В США три крестьянина кормили двоих горожан и еще для экспорта оставалось, в России для прокормления троих горожан требовалось семнадцать хлеборобов. Чем они там занимались в деревне – мотыгами, что ли, землю ковыряли, как во времена фараонов? Или, наоборот, выращивали столько, что могли завалить зерном полмира?
О. Тихон Шевкунов. «Российская империя ежегодно собирала урожай зерновых, на треть превосходивший урожаи важнейших экспортеров зерна в мире – Соединенных Штатов Америки, Аргентины и Канады. Вместе взятых. По поголовью скота (в пересчете на крупный рогатый скот) Россия немного уступала США. Но опережала десять самых богатых стран Европы. И тоже – вместе взятых… Средний размер крестьянского хозяйства в европейской части России – 4 десятины (4,4 га) – в разы превышал наделы западноевропейских крестьян. Во Франции этот показатель составлял 2 га, в Германии – 1,8, в Италии – 1 га».

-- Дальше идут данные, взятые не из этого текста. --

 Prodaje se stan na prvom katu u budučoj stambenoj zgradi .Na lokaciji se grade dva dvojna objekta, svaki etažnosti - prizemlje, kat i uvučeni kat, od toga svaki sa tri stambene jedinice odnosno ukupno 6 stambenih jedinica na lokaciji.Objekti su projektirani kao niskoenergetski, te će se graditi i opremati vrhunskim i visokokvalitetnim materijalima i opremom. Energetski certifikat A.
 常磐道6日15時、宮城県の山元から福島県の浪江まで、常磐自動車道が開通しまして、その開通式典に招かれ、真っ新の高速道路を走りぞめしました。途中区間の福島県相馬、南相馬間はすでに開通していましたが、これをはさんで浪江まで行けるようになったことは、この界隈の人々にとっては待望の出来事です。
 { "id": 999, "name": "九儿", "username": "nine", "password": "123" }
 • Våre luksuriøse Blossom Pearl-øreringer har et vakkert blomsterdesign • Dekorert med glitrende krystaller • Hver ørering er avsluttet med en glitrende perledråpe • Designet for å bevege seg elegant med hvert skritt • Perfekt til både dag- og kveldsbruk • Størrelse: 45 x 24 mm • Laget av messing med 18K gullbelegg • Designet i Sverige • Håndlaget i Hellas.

Не будем разбираться, точно ли Россия производила больше зерна, чем три упомянутые страны, или чуть меньше.
Посмотрим кое-что другое. Население Аргентины в то время составляло 7 млн 840 тыс человек, США – 96,5 млн, Канады – 7 млн 632 тыс. В сумме – 112 миллионов. Население Российской империи – 171 млн человек. Итого – в полтора раза больше, чем у пресловутых «крупнейших экспортеров», вместе взятых. Неудивительно, что она опережала по урожаям и по поголовью скота, тем более имея 85 % сельского населения. Но почему это свидетельствует о том, что страна была «передовой», – не понимаю.

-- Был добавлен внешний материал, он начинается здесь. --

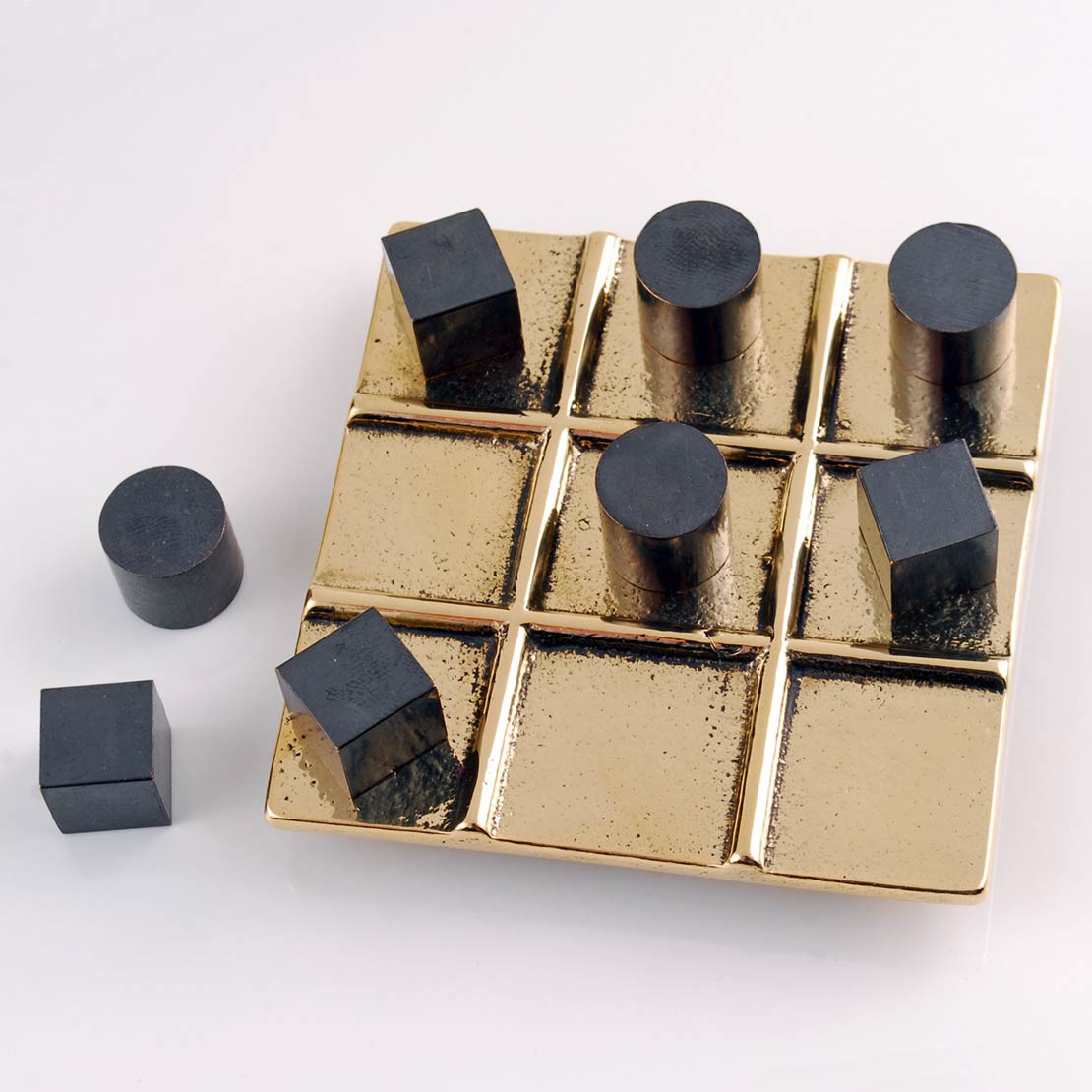 Τρίλιζα μικρή ίσια ανάγλυφη από αλουμίνιο με πόδια και πιόνια κύβους και κυλίνδρους από ορείχαλκο (7,5×7,5×2 cm)
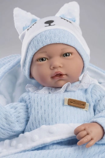 Diese realistische Klangbabypuppe hat einen weichen Stoffkörper für gemütliches Kuscheln und spielerische Momente. Sie ist mit Gelenken an Armen und Beinen ausgestattet, die eine Positionierung und das Sitzen ermöglichen und somit für abwechslungsreicheres Spiel sorgen. Die Puppe wird mit einem Schnuller als Zubehör geliefert und ist handgefertigt in Spanien, was ein Gefühl der Exklusivität verleiht.

В 1913 году (хороший урожайный год) Россия производила 471 кг зерна на душу населения. Англия, Франция, Германия – чуть меньше: 430–440 кг, Канада – около 800 кг, США – более 1000 кг, Аргентина – 1200 кг. При этом три европейские страны зерно покупали. Экспортерами были Канада, США, Аргентина и… Россия, у которой меньше 500 кг на душу. Получается, что немцам не хватало зерна, а России при таком же душевом производстве – хватало? Или она буквально реализовывала знаменитый лозунг: «Недоедим, но вывезем»?
Думаю, что недоедали все же одни, а вывозили другие. Но какова в данном случае позиция правительства и обожаемого монарха?
С наделами все еще интересней. Вот, например, что пишет русский публицист Иван Солоневич о немецком крестьянине. «Немецкий бауэр – это недоделанный помещик. У него в среднем 30–60 десятин земли… У него просторный каменный дом – 4–5 комнат, у него батраки, у него есть даже и фамильные гербы, имеющие многовековую давность…»18 – впрочем, про гербы уже к нашей теме не относится. Но все же: сколько земли у германского крестьянина – 1,8 га или 30–60 га? Откуда взял свою цифру о. Тихон – неведомо, но Солоневич-то жил в Германии и бауэров наблюдал воочию, неужели он перепутал два и тридцать? Или, может быть, на 30 гектаров земли приходилось пятнадцать батраков, у которых тоже какие-никакие дома с сараями имеются, так что и получается примерно 1,8 га на хозяйство?
Да и все остальное нуждается в уточнении. Сколько и какого зерна производили в России и сколько экспортировали? Какова была урожайность с гектара надельной земли? Какова структура внутреннего потребления? А то ведь может быть и так: плодородные области страны покрыты латифундиями с передовым хозяйством, выращивающими и продающими за границу рекордные урожаи, а остальное население тихо вымирает от голода? Это латиноамериканский вариант. Или, еще лучше, как на американском Юге: плантации, которые обрабатывают рабы?
О. Тихон Шевкунов. «За годы правления Николая II, с 1894 по 1917 год, сбор зерновых по стране вырос в полтора раза».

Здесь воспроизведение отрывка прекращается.